SR协议中窗口长度必须小于或等于序号空间大小的一半
connection-oriented transport: TCP(面向连接的传输: TCP)
- point-to-point: one sender, one receiver
- reliable, in-order byte steam: no “message boundaries”
- pipelined: TCP congestion and flow control set window size
- full duplex data:
- bi-directional data flow in same connection
- MSS: maximum segment size
- connection-oriented: handshaking (exchange of control msgs) inits sender, receiver state before data exchange
flow controlled: sender will not overwhelm receiver
流(stream): 没有报文边界的概念
最大报文段长度(MSS, Maximum Segment Size)
最大链路层帧长度(MTU, Maximum Transmission Unit, 最大传输单元)

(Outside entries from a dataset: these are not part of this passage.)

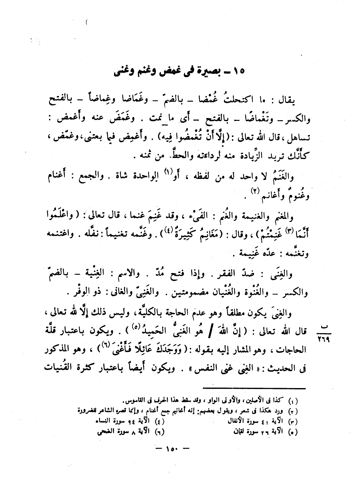 والغِنىَ يكون مطلقاً وهو عدم الحاجة بالكليَّة، وليس ذلك إِلاَّ لله تعالى، قال الله تعالى: {إِنَّ الله / هُوَ الغني الحميد} . ويكون باعتبار قلَّة الحاجات، وهو المشار إليه بقوله: {وَوَجَدَكَ عَآئِلاً فأغنى} ، وهو المذكور فى الحديث: "الغِنى غنى النفس". ويكون أَيضاً باعتبار كثرة القُنيات
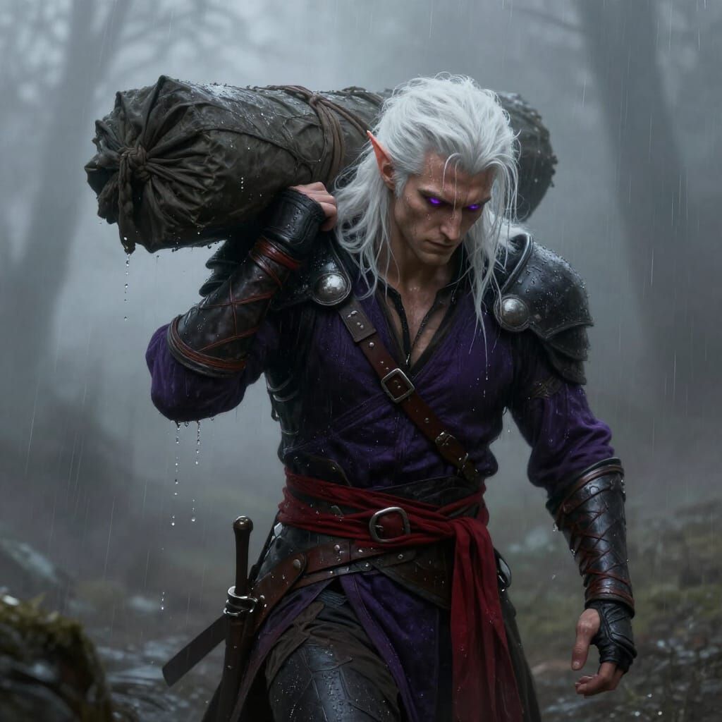 A striking image of a wet, muscular elf warrior with white hair and violet eyes, dressed in leather and purple. Rendered in a moody, painterly dark fantasy concept art style.
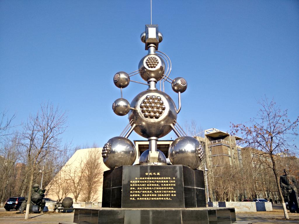 三座巨大雕塑犹如三把标尺,与广场中央的世纪之星雕塑共同激励学生不断创新,不断探索。
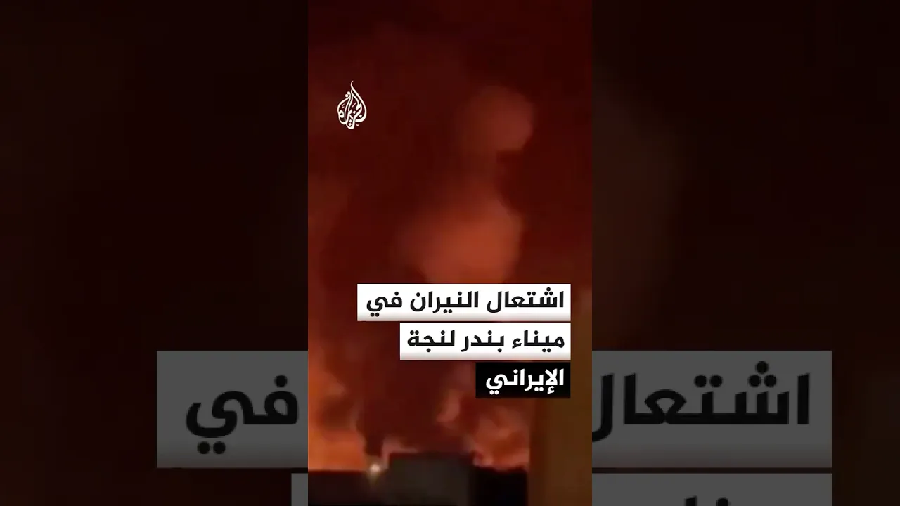 اشتعال النيران في ميناء بندر لنجة الإيراني إثر غارة جوية
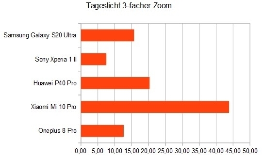 Mit den Tele-Aufnahmen werden die Ergebnisse unserer Leser immer einheitlicher. Bei dreifacher Vergrößerung gewinnt mit deutlichem Abstand Xiaomis Mi 10 Pro (Testbericht) mit seiner zweifachen optische Vergrößerung, Schlusslicht ist wieder Sony mit Digitalzoom. Auf dem zweiten Platz landet Huawei mit eigentlich perfekt an die Aufgabenstellung passendem optischem dreifach-Zoom, dessen Vorsprung auf Samsung und Onplus aber deutlich kleiner als der Vorsprung von Xiaomi auf Huawei ist.
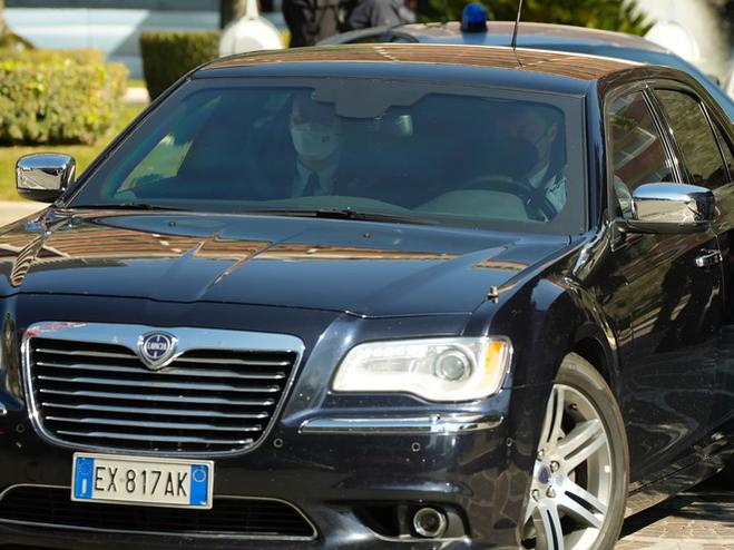 Xe chở thành viên phái đoàn Trung Quốc rời khách sạn ở Rome hôm 14/3. Ảnh: AP.
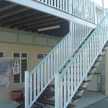 The construction costs were constrained to a budget, and the upper and lower floors would be separately tenanted. Each tenant was to have garden area with exclusive use and the additions were to include a double carport. The upstairs unit has exclusive use of the open space rear yard area. The ground floor unit has exclusive use to the open space areas to the sides of the building and an enclosed front courtyard area.
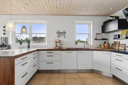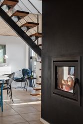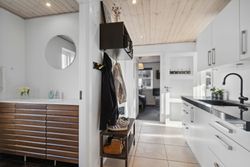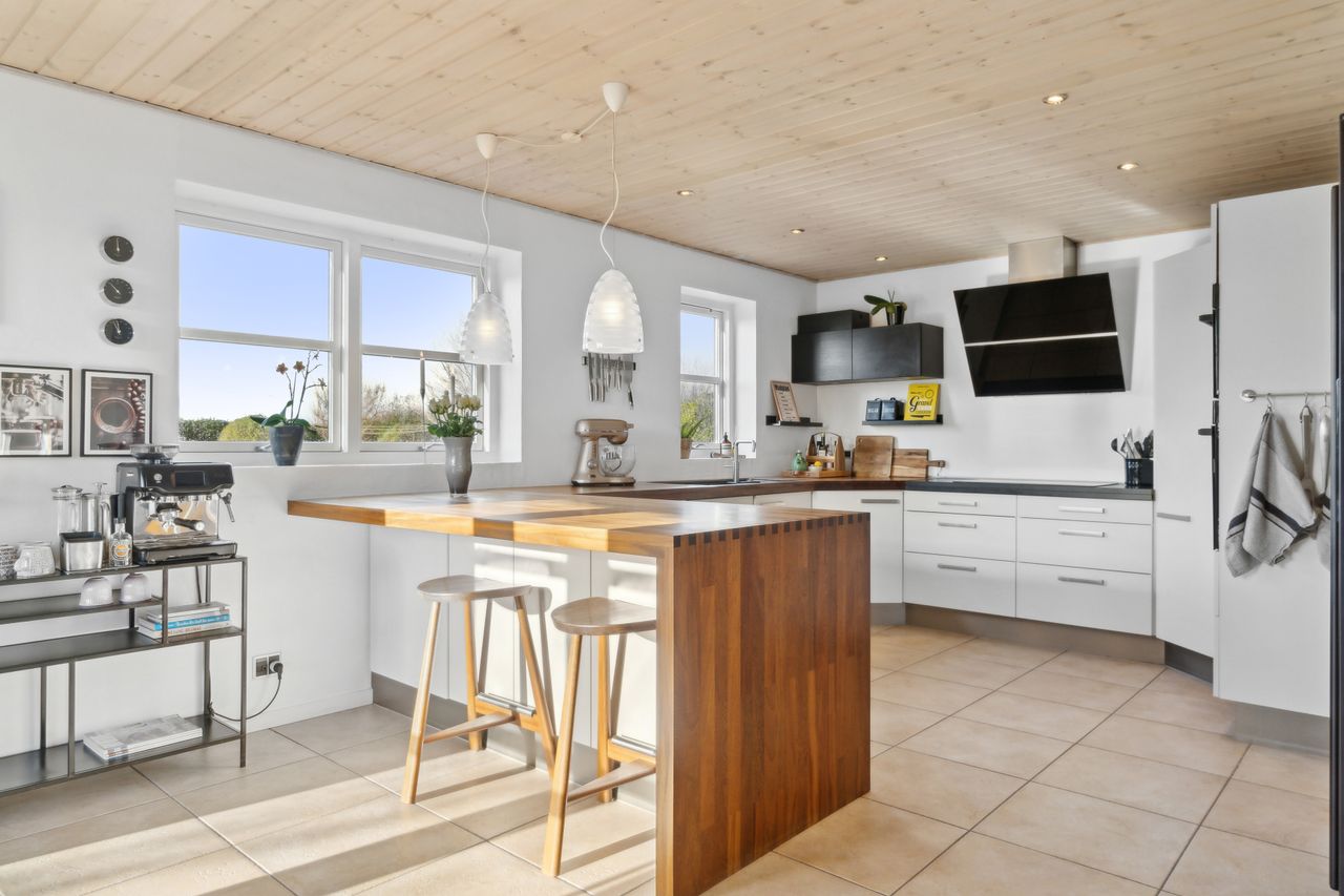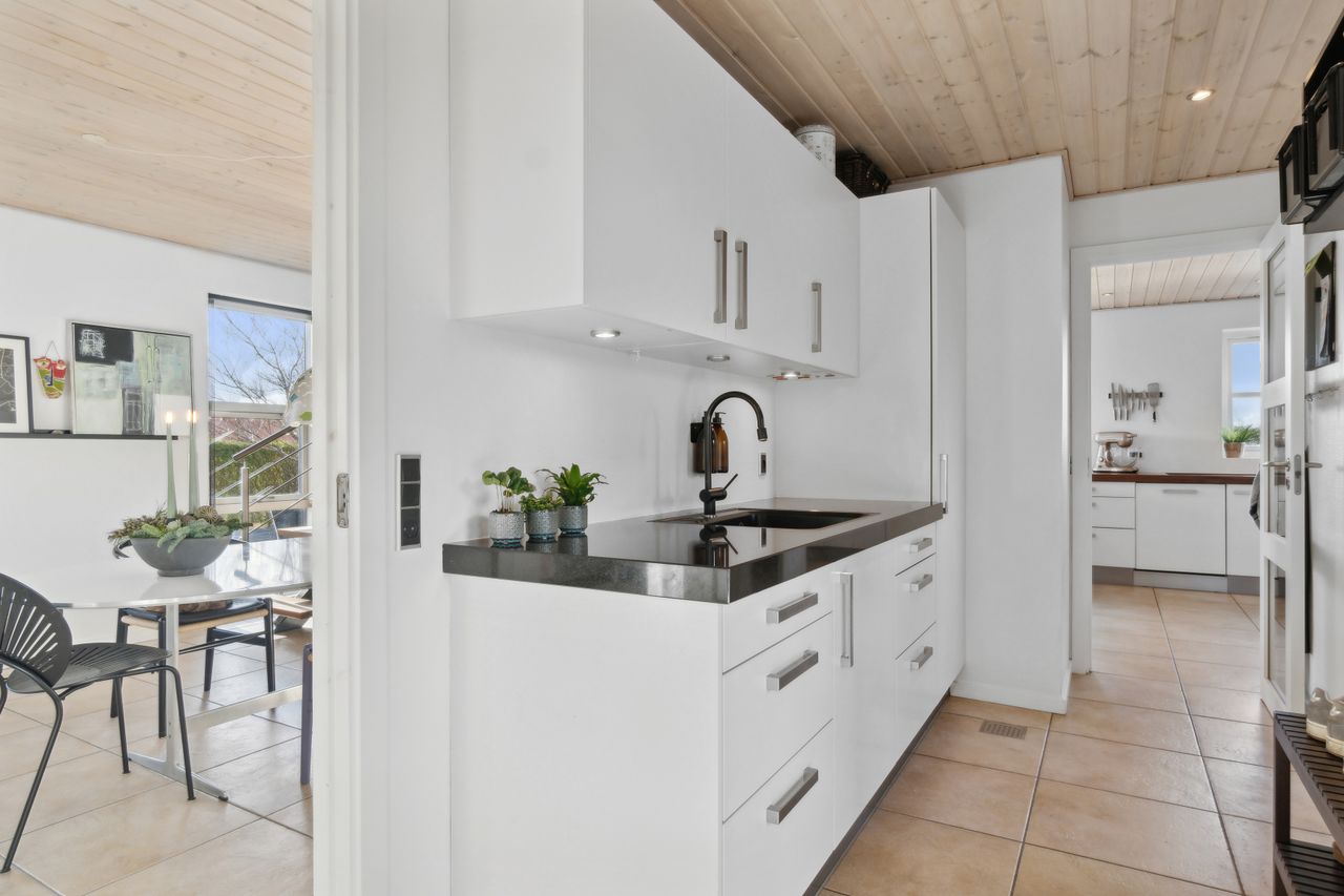 Når I træder ind, mødes I af en smagfuldt indrettet entré med klinker og elegante granitdetaljer, som straks sætter en standard for resten af huset. Villaens hjerte er det åbne Invita-køkken, hvor mahognibordpladen og de luksuriøse hvidevarer skaber en perfekt balance mellem æstetik og funktionalitet. Her er der plads til at samle familien ved barstolene, mens madlavningen foregår – en naturlig ramme for hyggelige stunder i hverdagen. Alrummet, som er i åben forbindelse til køkkenet, byder på en indbygget pejs, der spreder varme og en hyggelig stemning. Herfra har I direkte udgang til en solrig stor syd-vestvendt træterrasse, hvor I kan nyde lange, lyse sommeraftener.

TCP segment structure(TCP报文段结构)
- sequence numbers(序号字段): byte stream “number” of first byte in segment’s data
- acknowledgements(确认号字段):
- seq # of next byte expected from other side
- cumulative ACK
- Q: how receiver handles out-of-order segments
A: TCP spec doesn’t say, - up to implementor
接收窗口字段(receive window): 用于流量控制,指示接收方愿意接受的字节数量
- Q: how to set TCP timeout value?
- longer than RTT but RTT varies
- too short: premature timeout, unnecessary retransmissions
too long: slow reaction to segment loss
Q: how to estimate RTT(估计往返时间)?
- SampleRTT: measured time from segment transmission until ACK receipt
- ignore retransmissions
- SampleRTT will vary, want estimated RTT “smoother”
- average several recent measurements, not just current SampleRTT
- $ EstimatedRTT = (1- \alpha)EstimatedRTT + \alphaSampleRTT $ *
- exponential weighted moving average(EWMA, 指数加权移动平均)

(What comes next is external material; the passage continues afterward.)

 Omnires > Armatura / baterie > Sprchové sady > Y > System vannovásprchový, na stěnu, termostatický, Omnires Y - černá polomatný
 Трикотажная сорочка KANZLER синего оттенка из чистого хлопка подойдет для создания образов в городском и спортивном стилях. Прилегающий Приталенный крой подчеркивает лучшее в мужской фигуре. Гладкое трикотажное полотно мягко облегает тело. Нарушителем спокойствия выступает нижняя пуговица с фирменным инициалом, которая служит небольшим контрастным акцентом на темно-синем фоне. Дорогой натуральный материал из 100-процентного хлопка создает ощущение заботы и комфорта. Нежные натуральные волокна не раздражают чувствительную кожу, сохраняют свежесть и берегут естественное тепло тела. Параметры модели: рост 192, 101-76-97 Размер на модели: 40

- influence of past sample decreases exponentially fast
- typical value: $\alpha = 0.125$
- timeout interval: EstimatedRTT plus “safety margin”
large variation in EstimatedRTT -> larger safety margin
estimate SampleRTT deviation from EstimatedRTT:
$$
DevRTT = (1-\beta)DevRTT +\beta |SampleRTT-EstimatedRTT|
(typically, \beta = 0.25)
$$
TimeoutInterval = EstimatedRTT(estimated RTT) + 4*DevRTT(“safety margin”)

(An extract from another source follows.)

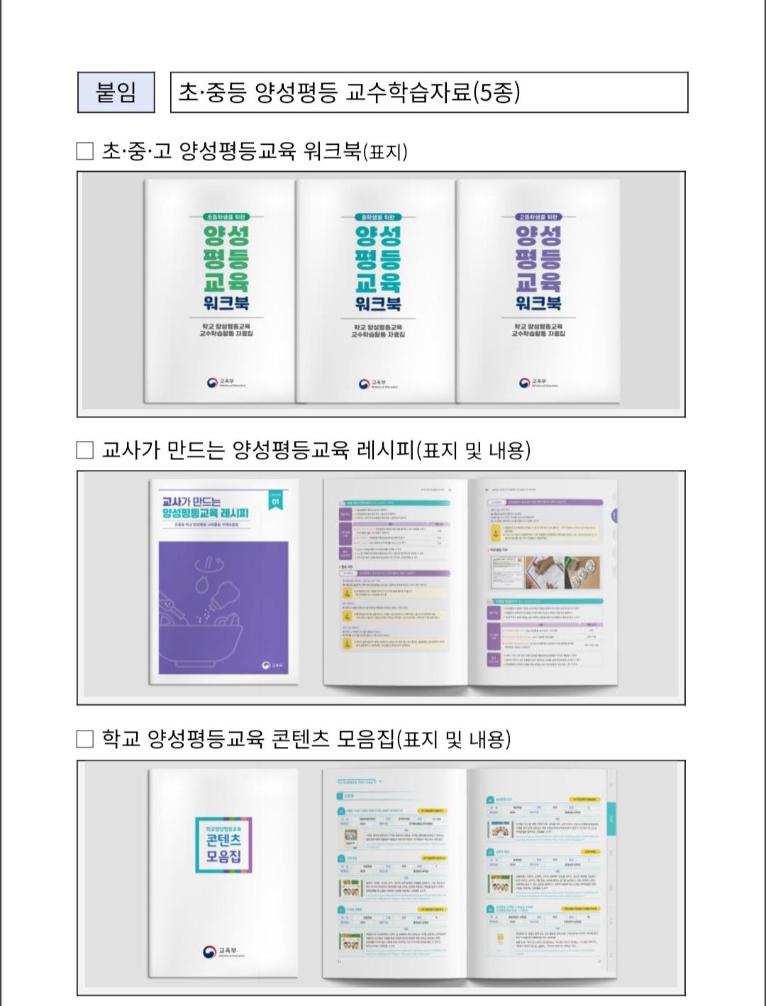 * 「초등학생을 위한 양성평등교육 워크북」, 「중학생을 위한 양성평등교육 워크북」, 「고등학생을 위한 양성평등교육 워크북」, 「교사가 만드는 양성평등교육 레시피」, 「학교양성평등교육 콘텐츠 모음집」

TCP reliable data transfer(可靠数据传输)
- TCP creates rdt service on top of IP’s unreliable service
- pipelined segments
- cumulative acks
- single retransmission timer
- retransmissions triggered by:
- timeout events
- duplicate acks
let’s initially consider simplified TCP sender:
- ignore duplicate acks
- ignore flow control, congestion control
TCP sender events:
- data received from app:
- create segment with seq #
- seq # is byte-stream number of first data byte in segment
- start timer if not already running
- think of timer as for oldest unacked segment
- expiration interval: TimeOutInterval
timeout:
- retransmit segment that caused timeout
- restart timer
- ack received: if ack acknowledges previously unacked segments
- update what is known to be ACKed
- start timer if there are still unacked segments
TCP sender (simplified)
retransmission scenarios:
TCP ACK generation [RFC 1122, RFC 2581]
event at receiver | TCP receiver action |
---|---|
arrival of in-order segment with expected seq #. All data up to expected seq # already ACKed | delayed ACK. Wait up to 500ms for next segment. If no next segment, send ACK |
arrival of in-order segment with expected seq #. One other segment has ACK pending | immediately send single cumulative ACK, ACKing both in-order segments |
arrival of out-of-order segment higher-than-expect seq #. Gap detected | immediately send duplicate ACK, indicating seq. # of next expected byte |
arrival of segment that partially or completely fills gap | immediate send ACK, provided that segment starts at lower end of gap |
TCP fast retransmit(快速重传)
- time-out period often relatively long: long delay before resending lost packet
- detect lost segments via duplicate ACKs.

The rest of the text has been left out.